Wu is 53, tall and thin with lank dark hair and a slightly stooped gait. Over dinner at Kaohsiung’s opulent Grand Hotel, he flicks through files on his laptop, showing me pictures of eye surgery—the plastic rods that fix the eye in place, the xenon lights that illuminate the inside of the eyeball like a stage—and movie clips with vision-related subtitles that turn Avengers: Endgame, Top Gun: Maverick, and Zootopia into public health messages. He peers at the screen through Coke bottle lenses that bulge from thin silver frames.

Wu specializes in repairing retinal detachments, which happen when the retina separates from the blood vessels inside the eyeball that supply it with oxygen and nutrients. For the patient, this condition first manifests as pops of light or dark spots, known as floaters, which dance across their vision like fireflies. If left untreated, small tears in the retina can progress from blurred or distorted vision to full blindness—a curtain drawn across the world.

When Wu began his surgical career in the late 1990s, most of his patients were in their sixties or seventies.
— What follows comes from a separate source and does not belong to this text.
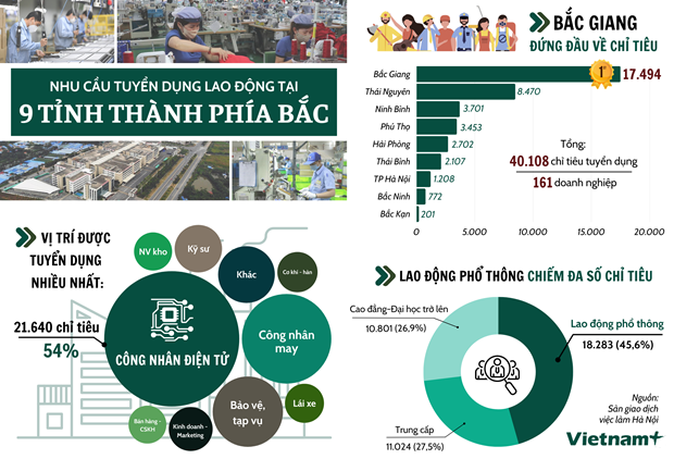 21.640 là số công nhân điện tử mà các doanh nghiệp tại 9 tỉnh thành phía Bắc cần tuyển dụng, chiếm 54% tổng chỉ tiêu tại phiên giao dịch việc làm tháng 7/2023.

But in the mid-2000s, he started to notice a troubling change. The people on his operating table kept getting younger. In 2016, Wu performed a scleral buckle surgery—fastening a belt around the eye to fix the retina into place—on a 14-year-old girl, a student at an elite high school in Kaohsiung. Another patient, a prominent programmer who had worked for Yahoo, suffered two severe retinal detachments and was blind in both eyes by age 29. Both of these cases are part of a wider problem that’s been growing across Asia for decades and is rapidly becoming an issue in the West too: an explosion of myopia.
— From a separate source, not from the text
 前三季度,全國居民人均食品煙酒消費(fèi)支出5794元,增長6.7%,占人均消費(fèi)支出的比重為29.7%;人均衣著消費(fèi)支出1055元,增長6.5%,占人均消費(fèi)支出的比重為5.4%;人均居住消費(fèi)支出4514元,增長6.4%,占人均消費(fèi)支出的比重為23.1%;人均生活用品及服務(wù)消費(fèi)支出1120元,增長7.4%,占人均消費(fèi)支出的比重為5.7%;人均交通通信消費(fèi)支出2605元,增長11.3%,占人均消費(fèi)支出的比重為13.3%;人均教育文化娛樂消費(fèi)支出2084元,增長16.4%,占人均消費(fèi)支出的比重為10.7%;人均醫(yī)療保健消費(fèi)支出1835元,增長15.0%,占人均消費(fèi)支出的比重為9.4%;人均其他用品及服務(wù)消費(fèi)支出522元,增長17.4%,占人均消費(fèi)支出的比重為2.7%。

Myopia, or what we commonly call nearsightedness, happens when the eyeball gets too long—it deforms from soccer ball to American football—and then the eye focuses light not on the retina but slightly in front of it, making distant objects appear blurry. The longer the eyeball becomes, the worse vision gets. Ophthalmologists measure this distortion in diopters, which refer to the strength of the lens required to bring someone’s vision back to normal. Anything worse than minus 5 diopters is considered “high myopia”—somewhere between 20 and 25 percent of myopia diagnoses around the world are in this category. In China, up to 90 percent of teenagers and young adults are myopic. In the 1950s the figure was as low as 10 percent. A 2012 study in Seoul found that an astonishing 96.5 percent of 19-year-old men were nearsighted. Among high schoolers in Taiwan, it’s around 90 percent. In the US and Europe, myopia rates across all ages are well below 50 percent, but they’ve risen sharply in recent decades. It’s estimated that by 2050, half the world’s population will need glasses, contacts, or surgery to see across a room. High myopia is now the leading cause of blindness in Japan, China, and Taiwan.

If those trends continue, it’s likely that millions more people around the world will go blind much earlier in life than they—or the societies they live in—are prepared for. It’s a “ticking time bomb,” says Nicola Logan, an optometry professor at the UK’s Aston University. She wasn’t the only expert I talked to who used that phrase. Because so much of Taiwan’s population is already living life with myopia, the island nation has already glimpsed what could be coming for the rest of us. And in a rare confluence, the country may also be the best place to look for solutions.
Literally the solution to the myopia epidemic in Asia is "send kids outside more" instead of keeping them in dimly lit classrooms all year. Australia's occurrence of myopia among kids is just 13%, where in Japan, China and Taiwan it's around half.

So yeah, go let the kids play outside for a bit.